いきなりのプレゼンがどれほど怖いか、想像できたかと思います。

例を出しながら、ヒアリングの重要性を述べましたが、理解できましたでしょうか。
次は、ヒアリングで何を聞くのかをご説明していきます。

【ヒアリングの4ステップ】

ヒアリングをするコツは、構造分解です。何を聞くのか、どの順番で聞くのか。ここを押さえるとヒアリングの精度は上がります。

先ほど、ヒアリングの重要性を述べました。なぜ大切のか理解できかと思います。この章では、ヒアリングを4ステップに構造分解し、ご説明していきます。

ヒアリングのステップ

①状況
②問題
③リスク
④プレゼンの合意

✔ここで、ひとつ大事なことを言います。

お客様はご自身でも課題をわかっていない。これが大前提です。だから、ステップを分けてヒアリングし課題を見つけていきます。

〈①”状況”を聞くヒアリング〉

ヒアリングのステップに入ったらまず、状況を聞いてください。具体的には、現在の状況、過去の状況、現状にいたった背景、現状の満足度を聞いてください。

例えば保険の営業なら、 

■「保険はどのような保険に入っていますか」
■「それはいつからですか」
■「以前もその保険だったのですか」

と質問すると、お客様も話をしてくれます。

おそらく、この状況は聞くことはできているかと思います。
でも、逆に言えば状況しか聞けていない営業パーソンが多いです。

〈②”問題”を聞くヒアリング〉

状況を聞いたあとは、”問題”を聞いていきます。ここで、「何か困っていることありますか」ストレートに聞いても、浅い答えしか返ってきません。お客様が話しやすい質問が必要になります。

ここでも保険営業を例にあげると、

■「今後、ライフプランを考えたときに、ご不安な点などはございますか」
■「保険に入っている点で何かご不明な点、ご不安な点はございますか」

このように聞けば、お客様も答えやすいです。他にも話を広げて、深堀りし、濃いヒアリングをしていきます。

具体的には、拡大質問を使うようにしてください。

おススメの質問ワードとしては、

■「どういったことがおありなんですか」
■「と、おっしゃいますと」
■「どのようになると一番いいと思われますか」
■「もし、あるとしたら」
■「お話を伺って、ふと思ったのですが、こんなことはないですか」
■「10点満点で何点ですか」

このように聞くと、お客様の回答の幅を広げることができます。

〈③”リスク”を聞くヒアリング〉

先ほどのヒアリングで、問題を聞き出し、認識をしてもらいました。次はリスクを聞いていきます。

なぜ、リスクを聞くのか。それは、

すぐ解決しないとまずい。本気でやばい。

と思わなければ、ヒトは行動をしないからです。つまり、緊急性がないと購入に至らないのです。

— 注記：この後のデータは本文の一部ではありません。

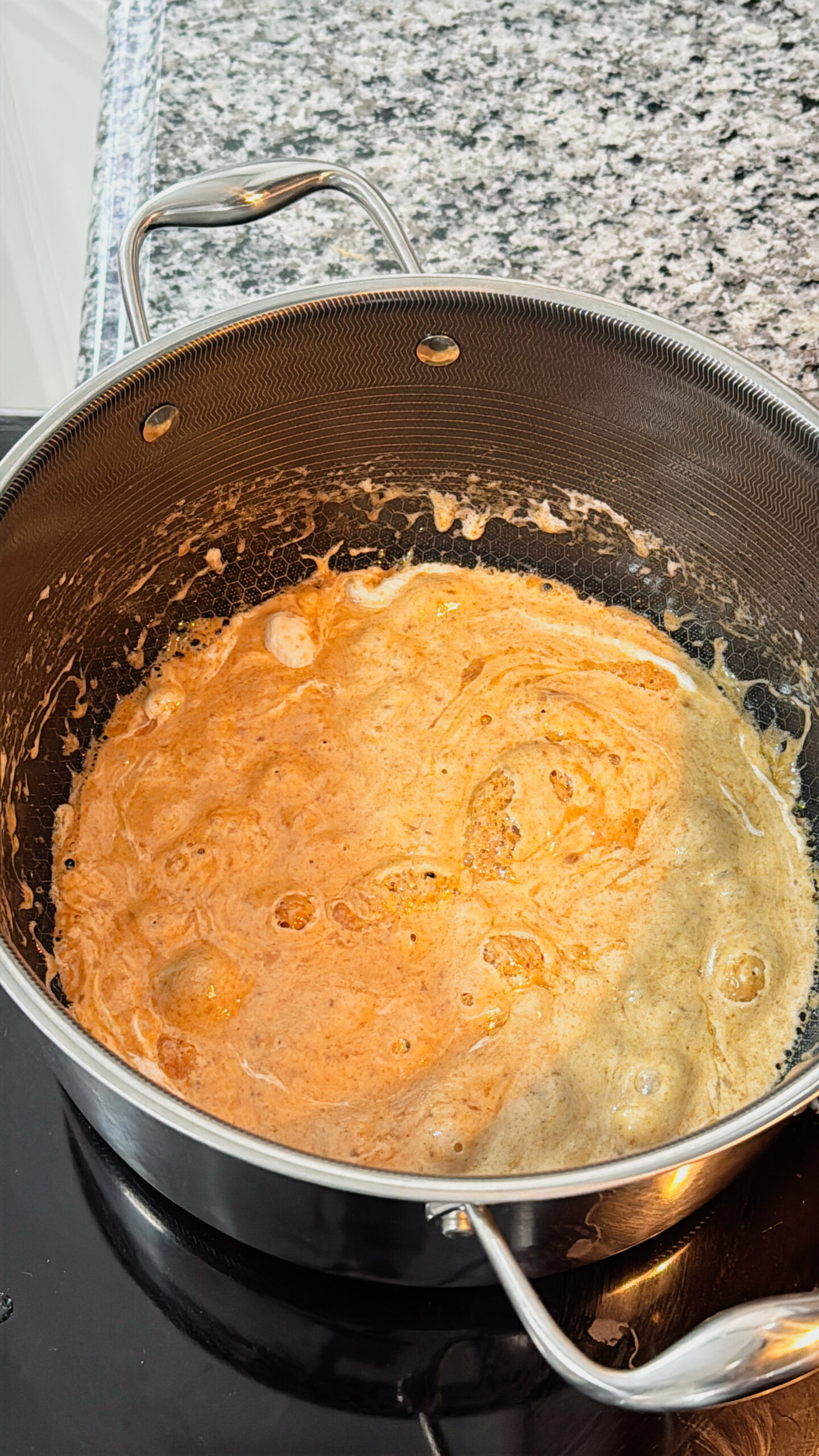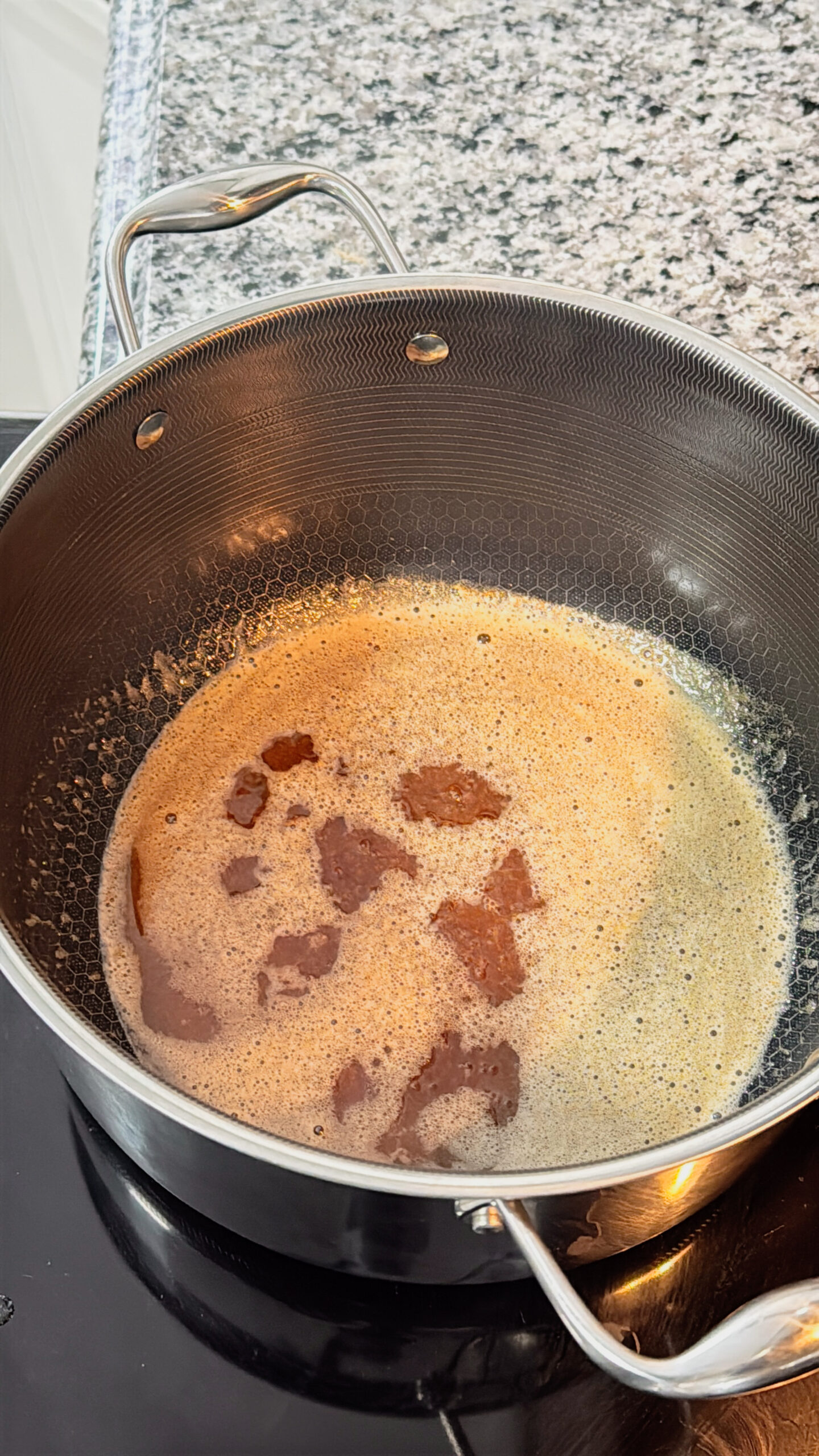 - First, melt the butter in a large pot over medium heat, stirring occasionally, until it bubbles, turns golden brown, and smells rich and nutty.

問題を聞くだけでは、「まぁ、また今度解決したらいいでしょ」くらいにしか考えていないものです。

”問題を抱えているリスク”を、お客様自身に語ってもらいます。営業に言われるより、ご自身が語ることで、緊急性を感じる強いメッセージになります。(*一貫性の法則が働くからです。)

✔ここで簡単にまとめます。

リスクを聞きだし、「これすぐに解決しないと会社やばいことになるやん」って、緊急性を感じてもらうステップです。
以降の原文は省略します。